Using securitization theory as the analytical framework, Ghiselli discusses both the securitizing actor, i.e., the Chinese leadership, and the empowering audience, in this case, the Chinese military, a.k.a. the People’s Liberation Army (PLA), but also increasingly other interested stakeholders, including China’s growing private security companies (although more could have been discussed here, given the author’s extensive knowledge of the subject), some of which have been operating in countries along the BRI for escorting and protection of Chinese companies. The book goes to great lengths to discuss how the PLA has been instructed to take on more military operations other than war (MOOTW) not just in the domestic setting where the Chinese military has been routinely involved in humanitarian assistance and disaster relief (HADR), but also increasingly dispatched to protect Chinese interests overseas. PLA Navy’s (PLAN) Gulf of Aden escorting mission since 2008 has been a case in point. Increasingly, Chinese participation in UN peacekeeping operations has also reflected Beijing’s new foreign policy views and provided the opportunity to extend protection to Chinese interests overseas.

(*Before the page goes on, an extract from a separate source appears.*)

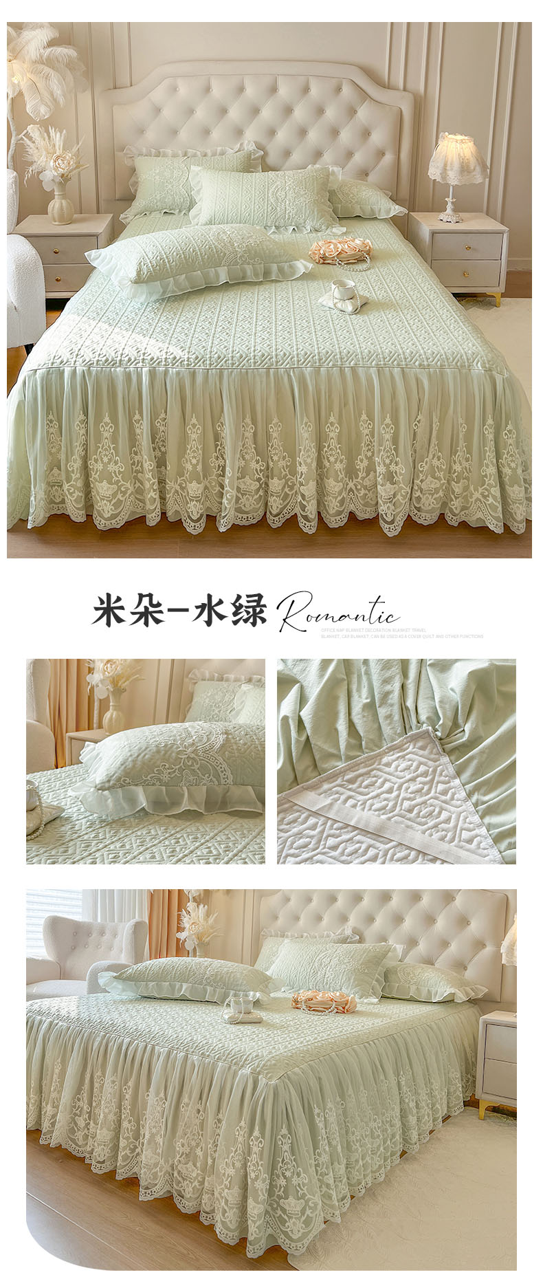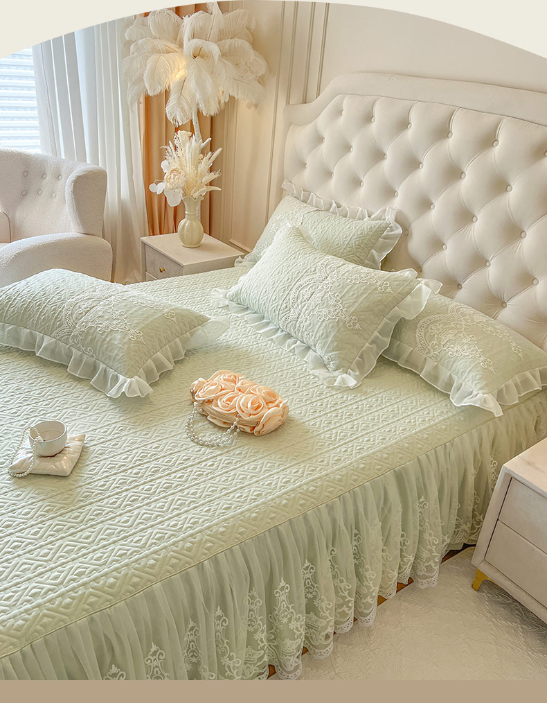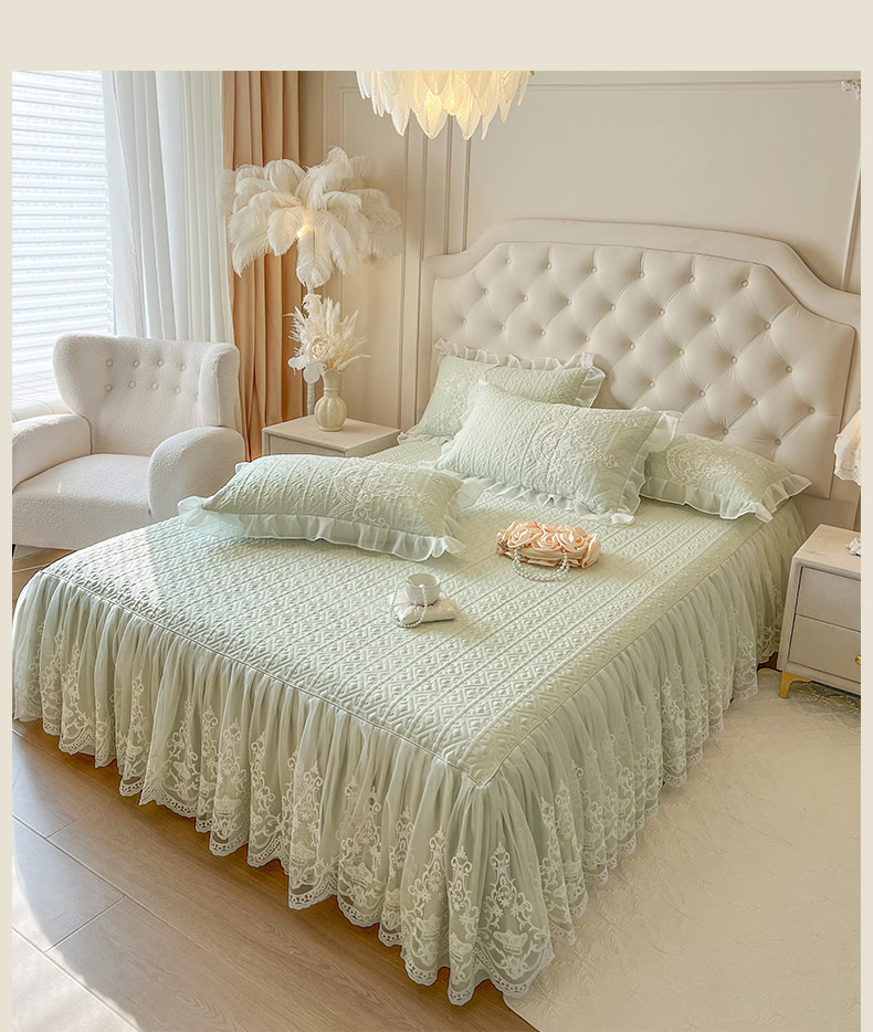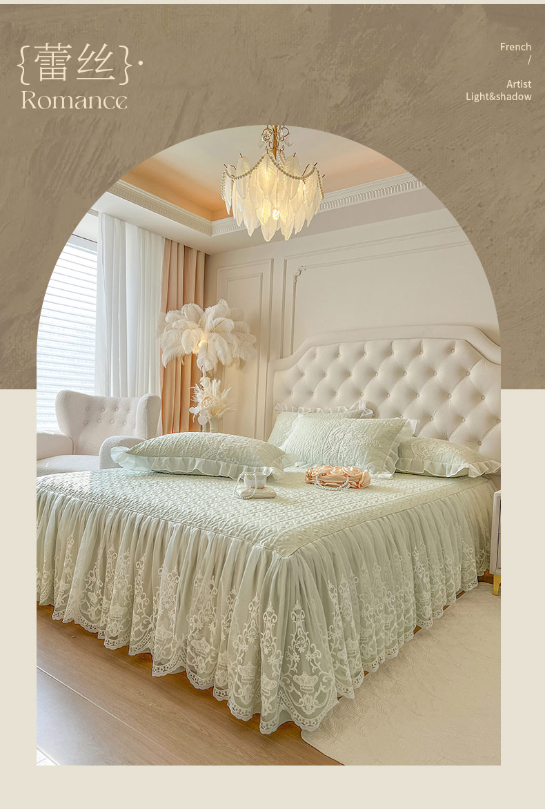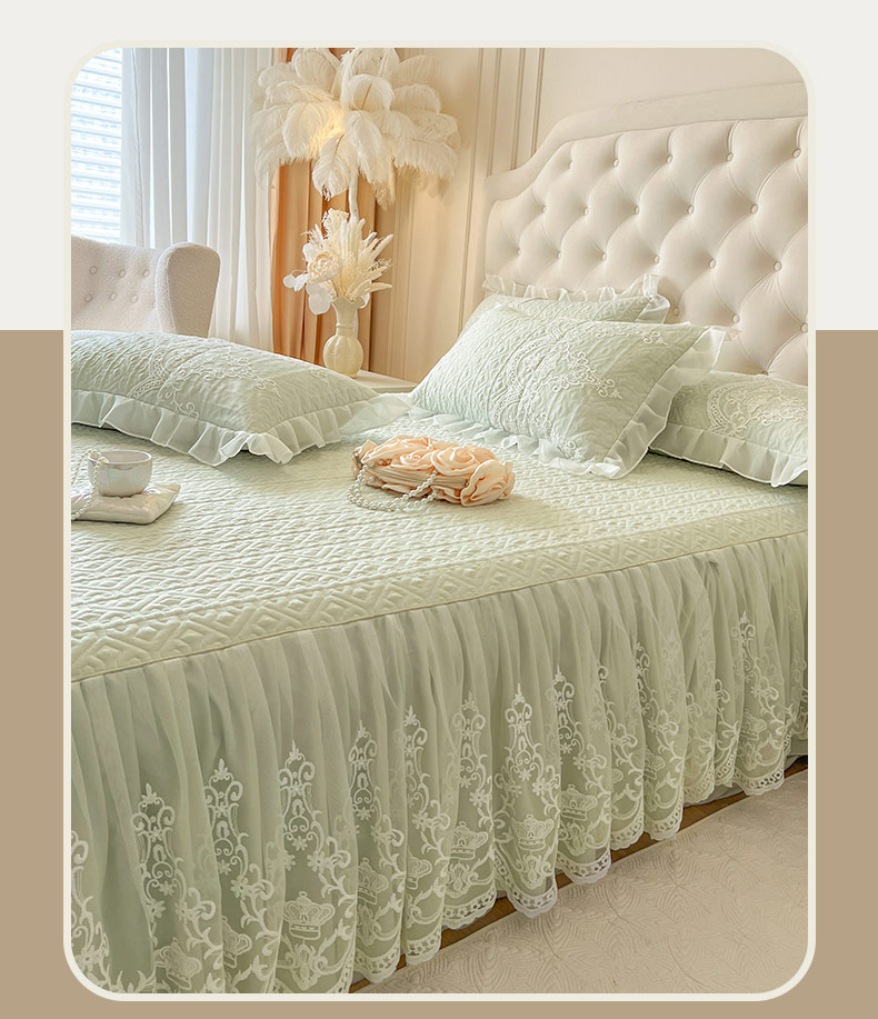 恋尚 2026新款木凉淳浪漫蕾丝床裙三件套-米朵(控价115起) 米朵-水绿

The book is a fascinating read, and thoroughly researched using primary, Chinese-language sources not readily available to all researchers. These allow the author to uncover some of the processes and internal debates within China, on how the concepts of security have evolved over the years, who the securitizing actors have been, and what it takes to persuade the empowering audience to both accept and act on policies informed and formulated by the Chinese leaders’ new perspectives on security. In other words, Chinese foreign and security policy is much more than great-power rivalry with the United States, territorial disputes in the South China Sea, and potential military conflicts across the Taiwan Strait. Increasingly, protecting Chinese (economic) interests overseas is just as important as the traditional goals of national security. This is a welcome and timely addition to the existing scholarship on an emerging global power.